Relationship of the Parties. The relationship between the parties is that of buyer and seller. Nothing contained in this Agreement shall be construed as creating any agency, partnership, joint venture, or other form of joint enterprise, employment, or fiduciary relationship between the parties, and neither party shall have authority to contract for or bind the other party in any manner whatsoever.
No Third-Party Beneficiaries.
This Agreement is for the sole benefit of the parties hereto and their respective successors and permitted assigns and nothing herein, express or implied, is intended to or shall confer upon any other person or entity any legal or equitable right, benefit, or remedy of any nature whatsoever under or by reason of these Terms.
All matters arising out of or relating to this Agreement and the Goods are governed by and construed in accordance with the internal laws of the State of Colorado without giving effect to any choice or conflict of law provision or rule (whether of the State of Colorado or any other jurisdiction) that would cause the application of the laws of any jurisdiction other than those of the State of Colorado.
Submission to Jurisdiction/Waiver of Jury Trial.
Any legal suit, action, or proceeding arising out of or relating to this Agreement shall be instituted in the courts of the State of Colorado located in Delta County, Colorado and each party irrevocably submits to the exclusive jurisdiction of such courts in any such suit, action, or proceeding. Buyer and Seller each irrevocably waive any and all rights to trial by jury of any action, proceeding, claim, cause of action, or defense arising out of or related to this Agreement, the relationship of the Parties, or the Goods.
Attorney’s Fees & Costs.
The prevailing party in any legal action arising from or related to this Agreement, the relationship of the Parties, or the Goods, shall be entitled to recover its reasonable and necessary attorney’s fees and expenses or costs.

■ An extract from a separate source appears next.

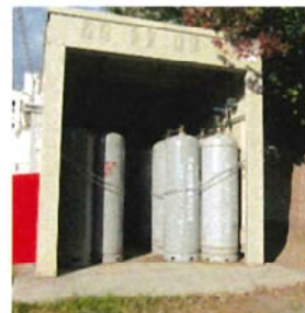
L P ガスの保管状況
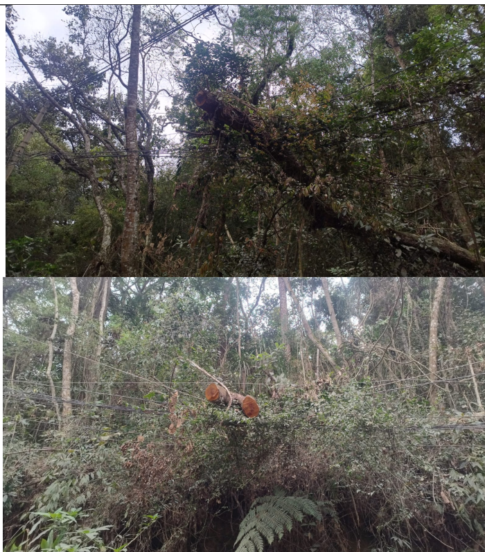
Exemplares tocando a fiação.

PREFEITURA MUNICIPAL DE ITAPEVI SECRETARIA DE MEIO AMBIENTE E DEFESA DOS ANIMAIS Rua Heloisa Hideko Koba, 21 – Jardim Nova Itapevi | Itapevi | São Paulo | CEP: 06694-180 Tel.: (11) 4205-4345 | sma@itapevi.sp.gov.br

All notices, request, consents, claims, demands, waivers, and other communications hereunder (each, a “Notice”) shall be in writing and addressed to the parties at the addresses set forth on the face of the Purchase Order Commitment or to such other address that may be designated by the receiving party in writing. All Notices shall be delivered by personal delivery, nationally recognized overnight courier (with all fees pre-paid), facsimile (with confirmation of transmission), or certified or registered mail (in each case, return receipt requested, postage prepaid). Except as otherwise provided in this Agreement, a Notice is effective only (a) upon receipt of the receiving party, and (b) if the party giving the Notice has complied with the requirements of this Section.
If any term or provision of this Agreement is invalid, illegal, or unenforceable in any jurisdiction, such invalidity, illegality, or unenforceability shall not affect any other term or provision of this Agreement or invalidate or render unenforceable such term or provision in any other jurisdiction.
Provisions of these Terms which by their nature should apply beyond the term of this Agreement will remain in force after any termination or expiration of this Agreement including, but not limited to, the following provisions: Compliance with Laws, Confidential Information, Governing Law, Submission to Jurisdiction/Waiver of Jury Trial, and Survival.